My son is in Iraq at Warhorse. It's in Balad about 50 miles north of Baghdad. He said that the contactors that delivers to the PX are on strike. I don't know if this affects other military bases (camps) or not (sorry..I didn't ask). But, if you have loved ones or friends in Iraq, you might ask if they need anything!! God bless each of you and I pray God will send our "family" home safe!!


----------



## Tucsonred (Jun 9, 2007)

Fishin Soldier..have you heard anything over there ?? Ya'll getting supplies to the PX where you are ? ?


----------



## Tortuga (May 21, 2004)

*ON STRIKE ????* How in the he11 can anyone in a combat zone during a war go on strike? This really burns my ***.. Mebbe the CO of the troops in Balat can tell the contractor that he's 'on his own' as far as protection from the soldiers goes. Find out, if you can, WHO the contractor is...

****..this really burns me up.. Lemme know if your son or his buddies needs anything, Red....

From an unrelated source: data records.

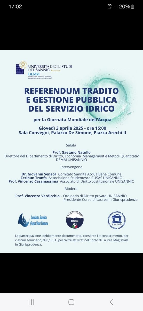 Data: Sabato 5 aprile 2025 Benevento – Nel pomeriggio di sabato 5 aprile 2025, centinaia di cittadini si sono riuniti a Benevento per dar vita a un corteo pacifico ma fortemente sentito, volto a manifestare una profonda e giustificata indignazione contro una vicenda che […]
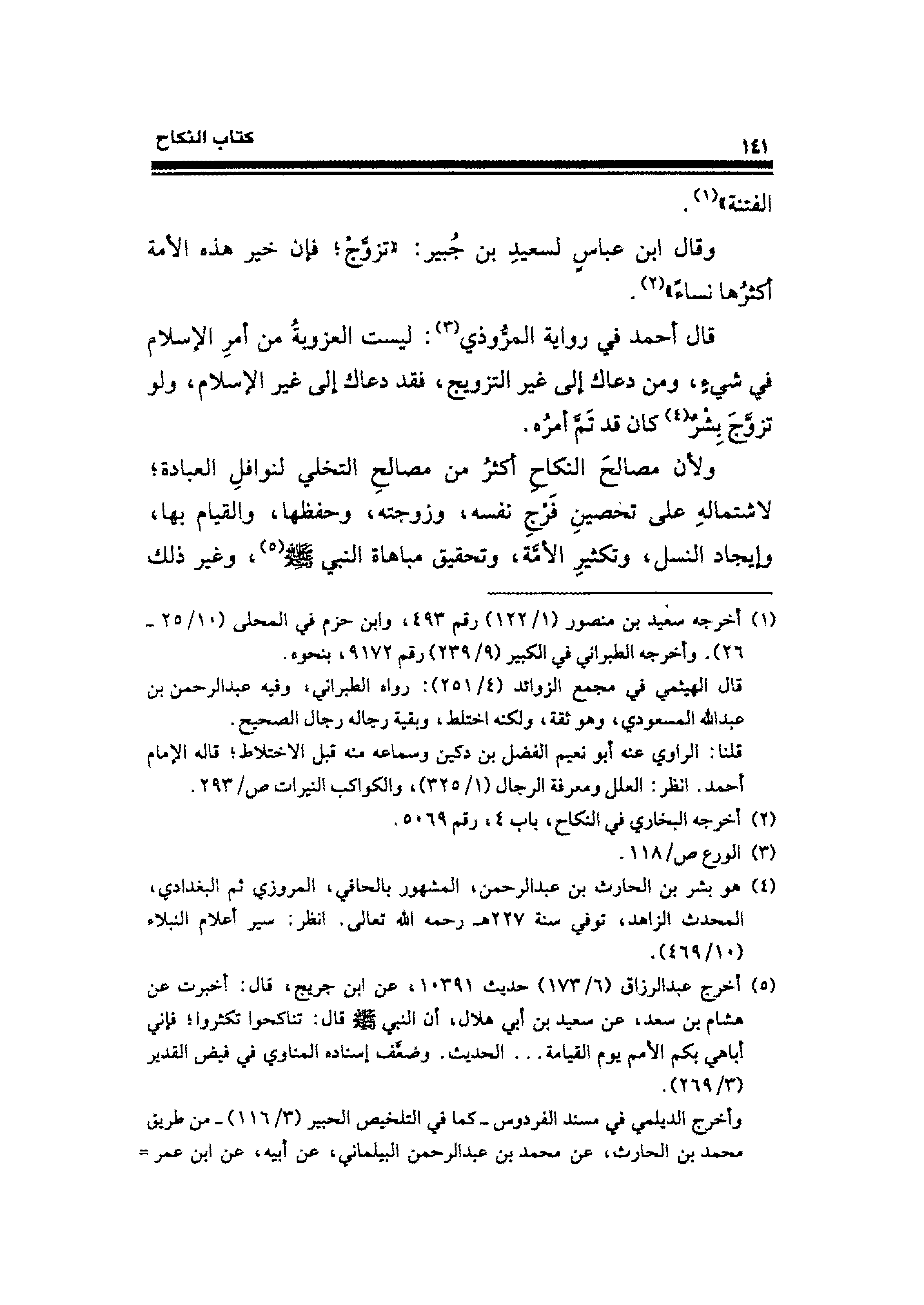 وقال ابن عباسٍ لسعيدِ بن جُبير: "تزوَّج؛ فإن خير هذه الأمة أكثرها نساءً" (¬٢).
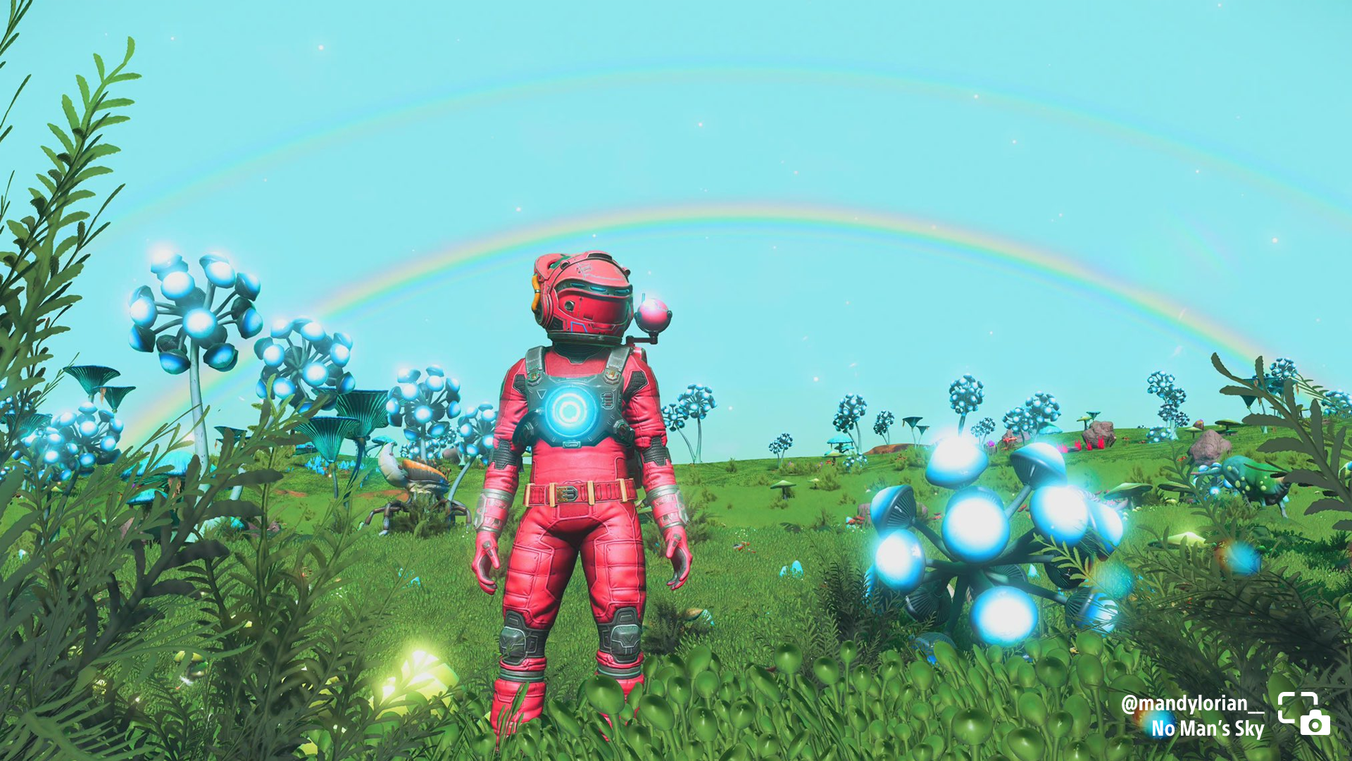mandylorian__ shares their space adventurer exploring a colorful planet in No Man’s Sky.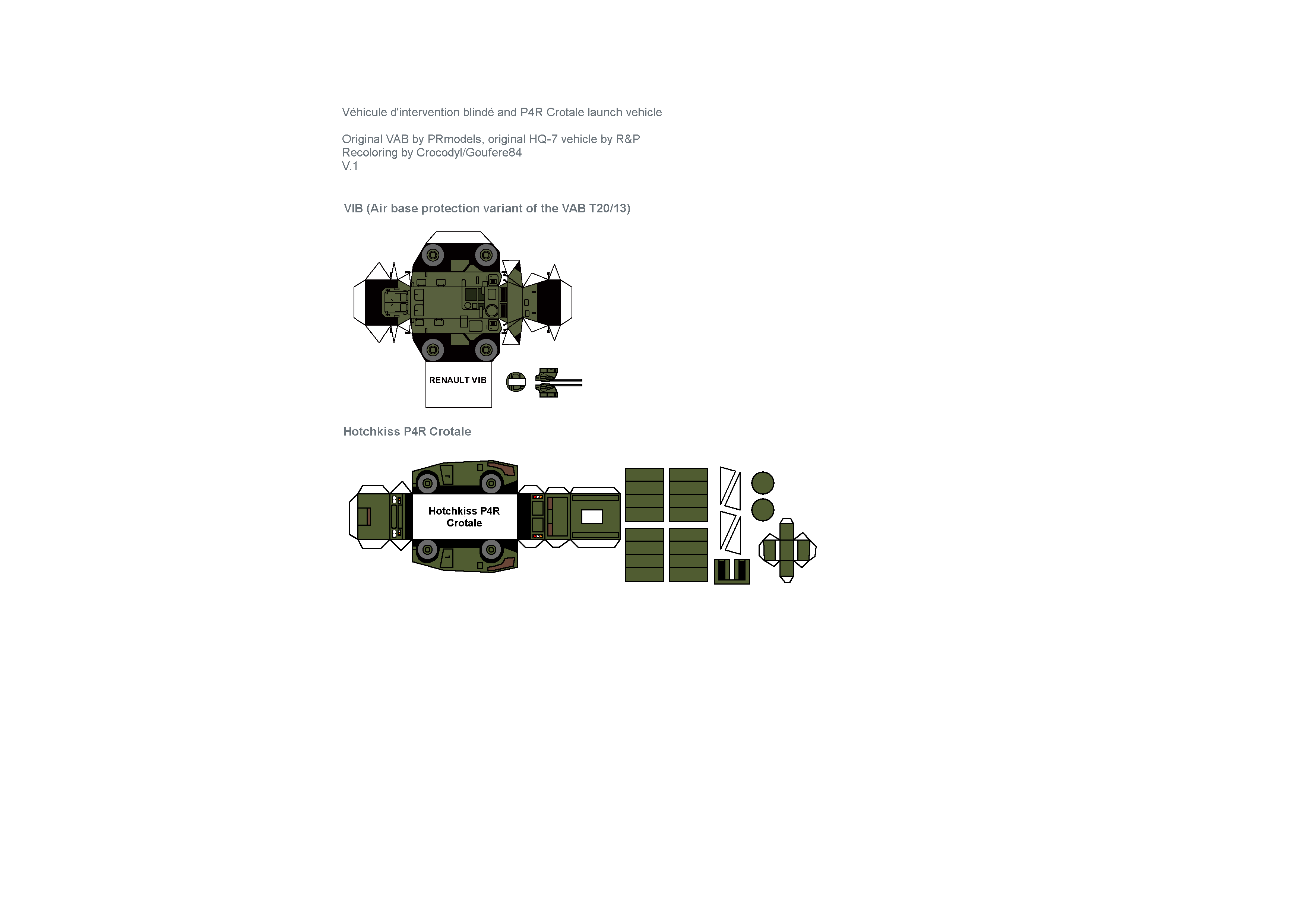 Avec le VIB, le Hotchkiss P4R en version lanceur de Crotale (à ne pas confondre avec le Peugeot P4, qui aura un jour son kitbash repaint dans sa version ASPIC lance missile Mistral). Ce drôle de véhicule, à transmission hybride électrique, a été copié avec ses missiles par l'industrie de l'armement chinoise en la matière du HQ-7.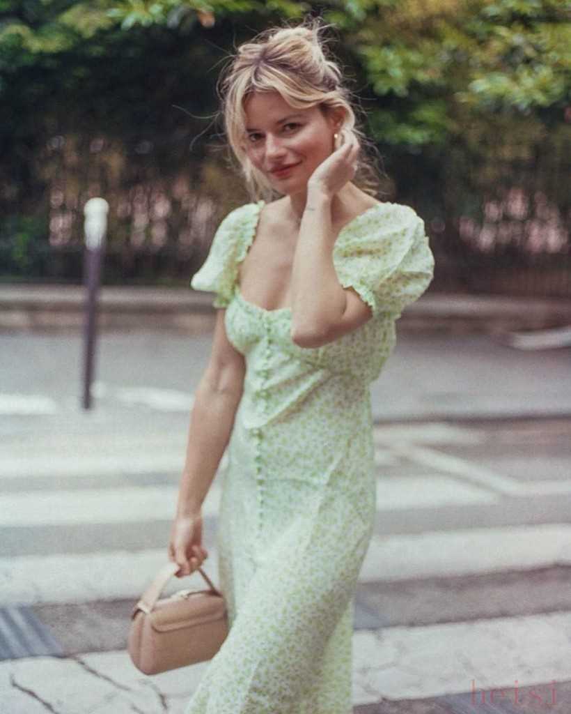 不難發(fā)現(xiàn),faithfull the brand的印花連衣裙大多是清新的小碎花,顏色也都是清新的藍色、綠色,有一種看著它就像穿上去度假的沖動。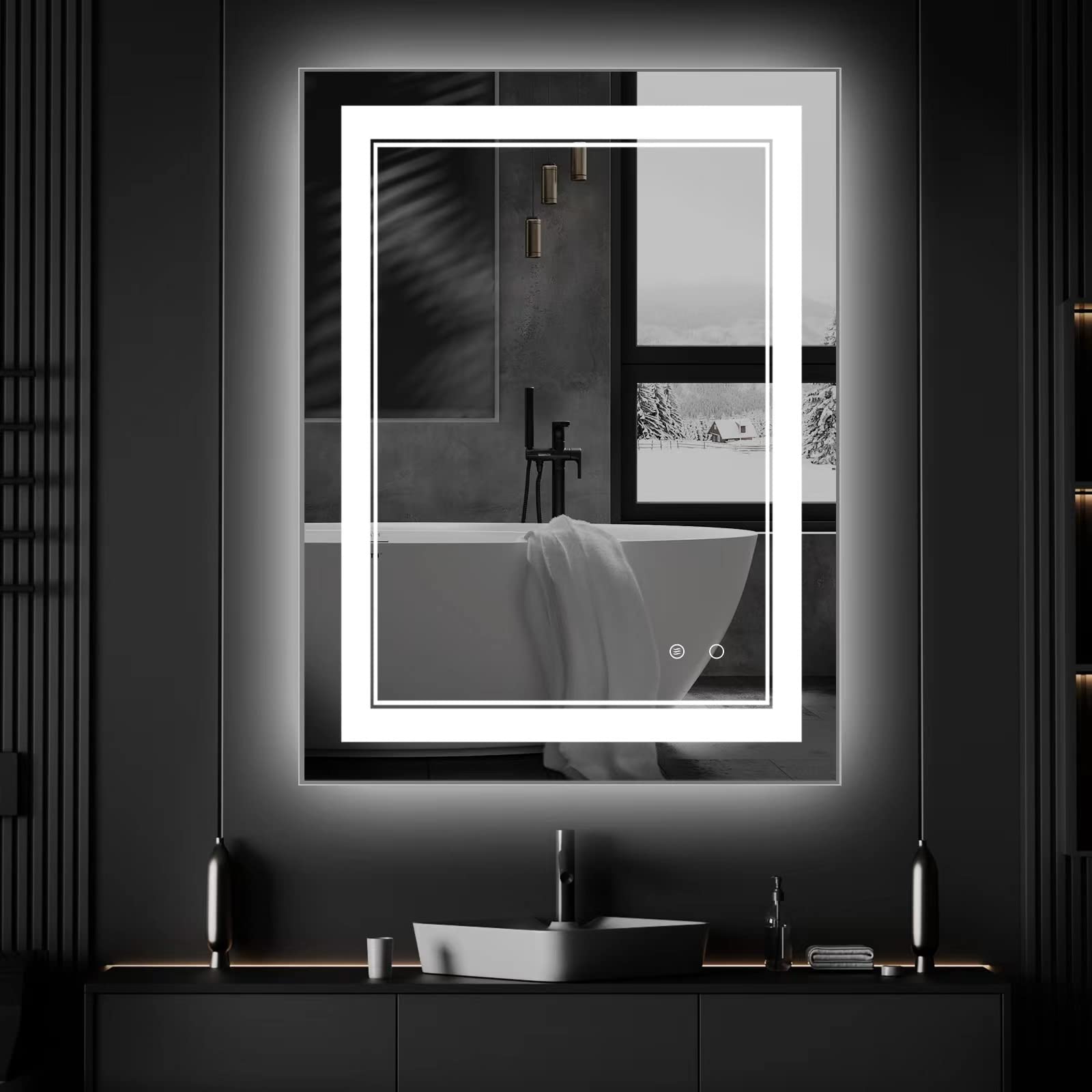 Amorho Espejo de baño LED de 50 x 32 pulgadas con luz delantera y trasera, espejos de pared regulables sin pasos con antiniebla, a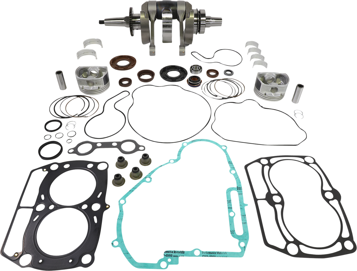 - Includes crankshaft, piston kit, complete engine gasket kit with oil seals, main bearings and seals, water pump rebuild kit, transmission bearings, countershaft bushing/seal kit, cam chain and counter balancer bearings when applicable

Un-freaking-believable !!!!!:hairout:


----------



## Tucsonred (Jun 9, 2007)

Yea..kind of ticked us off too!! I'll send him a message and see if he knows anything!!


----------



## State_Vet (Oct 10, 2006)

Is it American or Iraqi contractors?


----------



## Tucsonred (Jun 9, 2007)

I sent my son a message, but no response as of yet!! Guess he's out defendin' 'em!! State Vet, I'll send him another msg and ask him that too..I sure don't see how they can strike when our troops need things to survive on..errrr..I'll see what I can find out


----------



## Tucsonred (Jun 9, 2007)

Ok...my son "thinks" they are American, but not sure. However, he said the PX is empty!! His answer was short, he was gonna try to grab some sleep (he was a bit grumpy when he spoke to my daughter in law) LOL He's only had 6 hrs of sleep in 3 days he said...yea..I'd be grumpy too!! (yes..she understands)


----------



## Tucsonred (Jun 9, 2007)

I just zipped off an email to Senator Cornyn. And I'm here all night long at work, fixin to start making a list and sending emails!! I really was doing ok that he's in Iraq!! But, now I'm realllllllll ******!!


----------



## cobrahoot (May 7, 2008)

I'm currently on my second tour in Iraq and we have supplies at the px, but I am in southern Iraq. Hope they get that squared away up there.


----------



## Tucsonred (Jun 9, 2007)

cobrahoot...good to know that..I have no idea what's going on over there at Warhorse?? Glad to know ya'll are ok on supplies!! Stay safe, God bless you...


----------